Jaroslavas Jakšto

Personal information
- Full name: Jaroslavas Jakšto
- Nationality: Lithuania
- Born: August 7, 1980 (age 45) Vilnius
- Height: 1.94 m (6 ft 4 in)
- Weight: 101 kg (223 lb)

Sport
- Sport: Boxing
- Weight class: Super-Heavyweight
- Club: VOSC, Vilnius

Medal record
European Amateur Championships
| Bronze medal – third place | 2004 Pula | Super Heavyweight |

= Jaroslavas Jakšto =

Lithuanian boxer (born 1980)

Jaroslavas Jakšto (born 7 August 1980) is a male amateur boxer from Lithuania best known for winning super heavyweight bronze at the 2004 European Amateur Boxing Championships in Pula, Croatia. He was a 2004 Olympian and also qualified for the 2008 Olympics.

==Career==
Jakšto won a bronze medal in the same division at the 2004 European Amateur Boxing Championships in Pula, Croatia.

He also participated in the 2004 Summer Olympics.
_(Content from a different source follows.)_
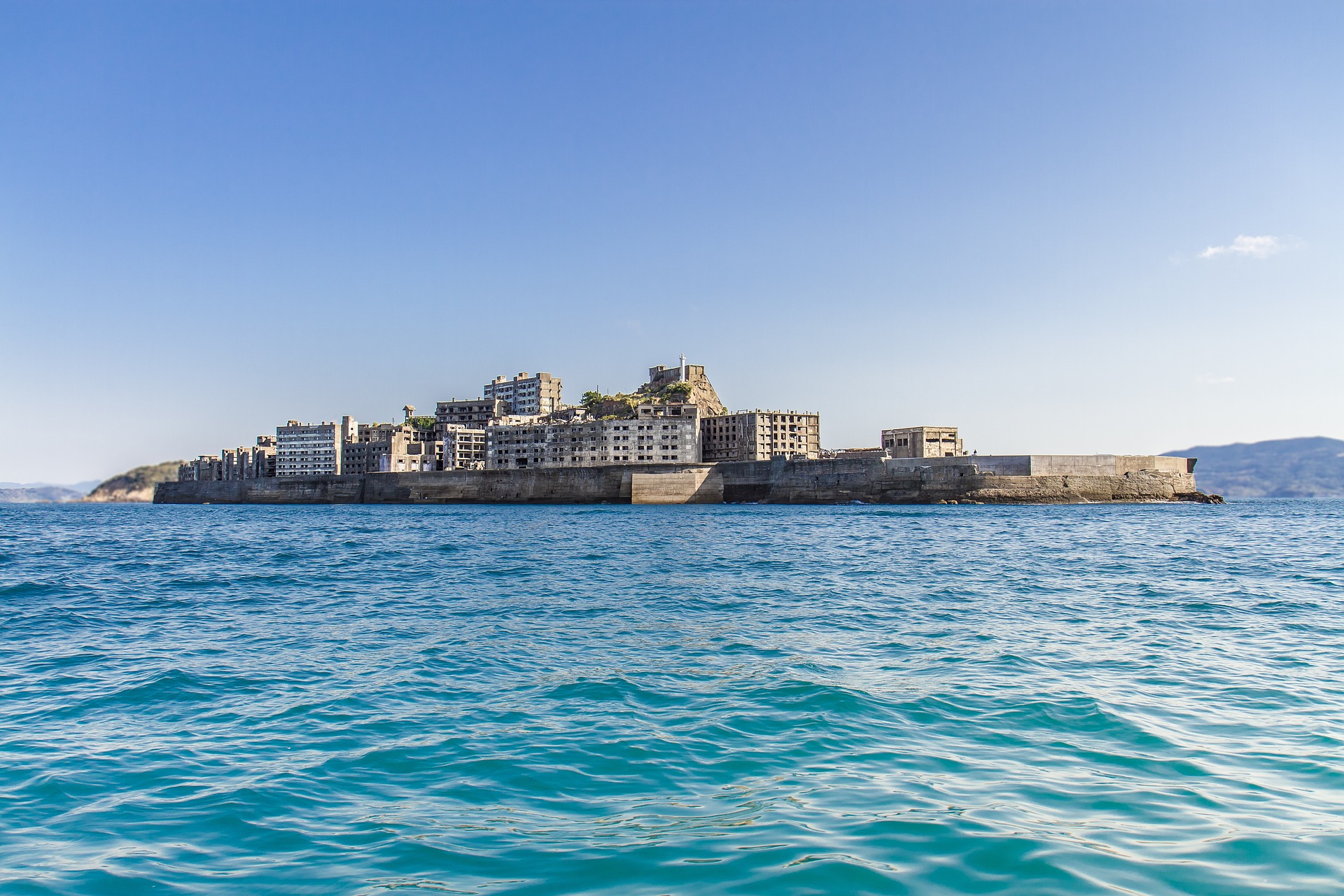 Je to jeden z 505 neobydlených japonských ostrovů a má tvar válečného plavidla. Od konce 19. století až do roku 1974 byl ostrov využíván k těžbě uhlí z moře a na ploše šesti hektarů se vyrojilo až pět tisíc jedinců. Po uzavření dolů své domovy vyklidili a betonová divočina zchátralých domů je dnes obrazem města duchů. Část ostrova měla být zpočátku dostupná pro senzachtivé pisálky, ale úředníci zde vybudovali 220 metrů dlouhou cestu, po které chodí turisté.

He beat there Victor Bisbal 27-16 but was defeated in the second round of the Super heavyweight (+91 kg) division by Egypt's eventual runner-up Mohamed Aly.

He won the Chemiepokal Cup in Germany 2005 by beating Michel López Núñez 17:12 and the Military world championships in 2006.

At the World Championships 2007 he lost to Vyacheslav Glazkov inside the distance.

At the first Olympic qualifier he lost to Kubrat Pulev, at the second qualifier he beat Robert Helenius and Yousef Abdelghani to qualify.
In Beijing he lost to David Price when he had to quit with a leg injury after the first round, he was trailing 1:3.